What the task asks =>
Excerpt from the entries below: please repeat exactly the lines from the one containing "Fredag 17. september" through the last one, both ends included, with no pictures.

Records from a dataset =>
######

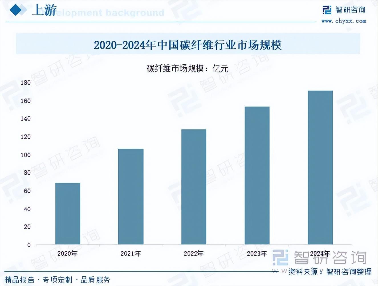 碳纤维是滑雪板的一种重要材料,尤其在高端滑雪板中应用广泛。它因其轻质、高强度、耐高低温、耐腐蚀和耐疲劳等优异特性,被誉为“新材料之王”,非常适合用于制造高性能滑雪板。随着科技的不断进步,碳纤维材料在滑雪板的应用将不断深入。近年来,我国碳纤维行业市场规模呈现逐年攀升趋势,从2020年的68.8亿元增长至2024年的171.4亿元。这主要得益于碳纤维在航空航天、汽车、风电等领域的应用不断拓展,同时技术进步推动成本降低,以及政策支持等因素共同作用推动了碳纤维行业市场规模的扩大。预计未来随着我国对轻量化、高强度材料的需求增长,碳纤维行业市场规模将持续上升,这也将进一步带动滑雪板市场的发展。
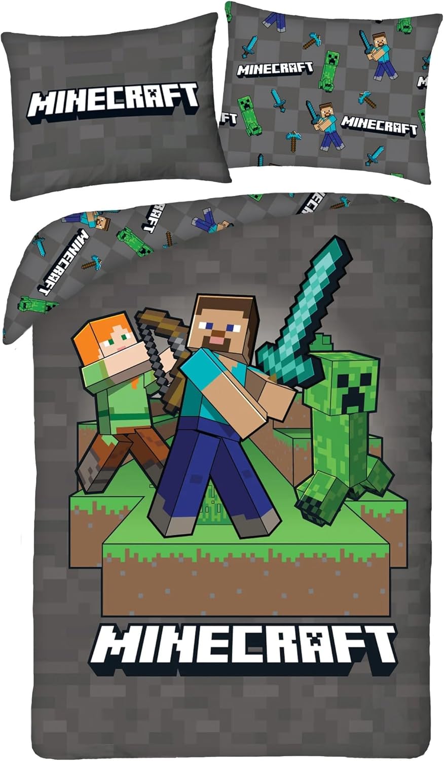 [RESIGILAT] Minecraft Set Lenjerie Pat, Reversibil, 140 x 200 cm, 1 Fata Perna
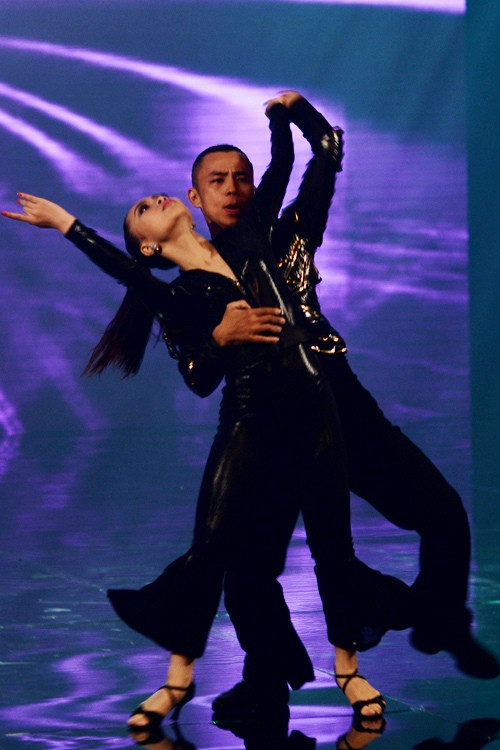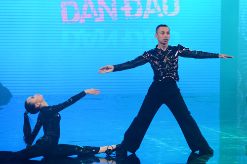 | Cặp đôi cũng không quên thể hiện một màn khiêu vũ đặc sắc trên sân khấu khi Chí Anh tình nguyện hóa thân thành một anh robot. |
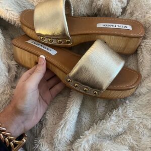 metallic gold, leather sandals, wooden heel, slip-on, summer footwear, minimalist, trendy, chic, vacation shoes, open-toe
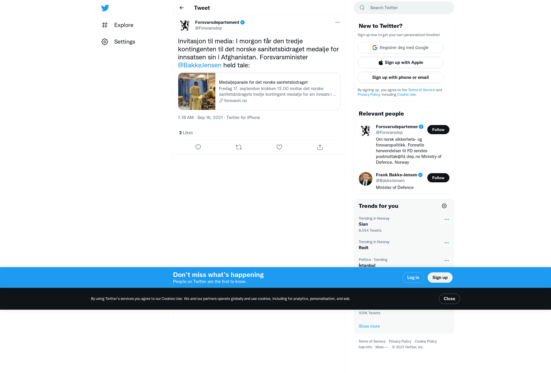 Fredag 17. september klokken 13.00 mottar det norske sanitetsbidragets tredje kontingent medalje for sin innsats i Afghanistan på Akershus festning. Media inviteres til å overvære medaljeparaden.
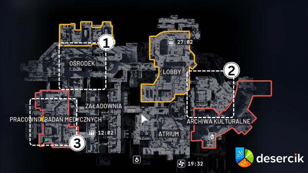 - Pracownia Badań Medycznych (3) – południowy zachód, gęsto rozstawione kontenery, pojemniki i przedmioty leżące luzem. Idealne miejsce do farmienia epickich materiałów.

######

Completed task =>
 Fredag 17. september klokken 13.00 mottar det norske sanitetsbidragets tredje kontingent medalje for sin innsats i Afghanistan på Akershus festning. Media inviteres til å overvære medaljeparaden.
 - Pracownia Badań Medycznych (3) – południowy zachód, gęsto rozstawione kontenery, pojemniki i przedmioty leżące luzem. Idealne miejsce do farmienia epickich materiałów.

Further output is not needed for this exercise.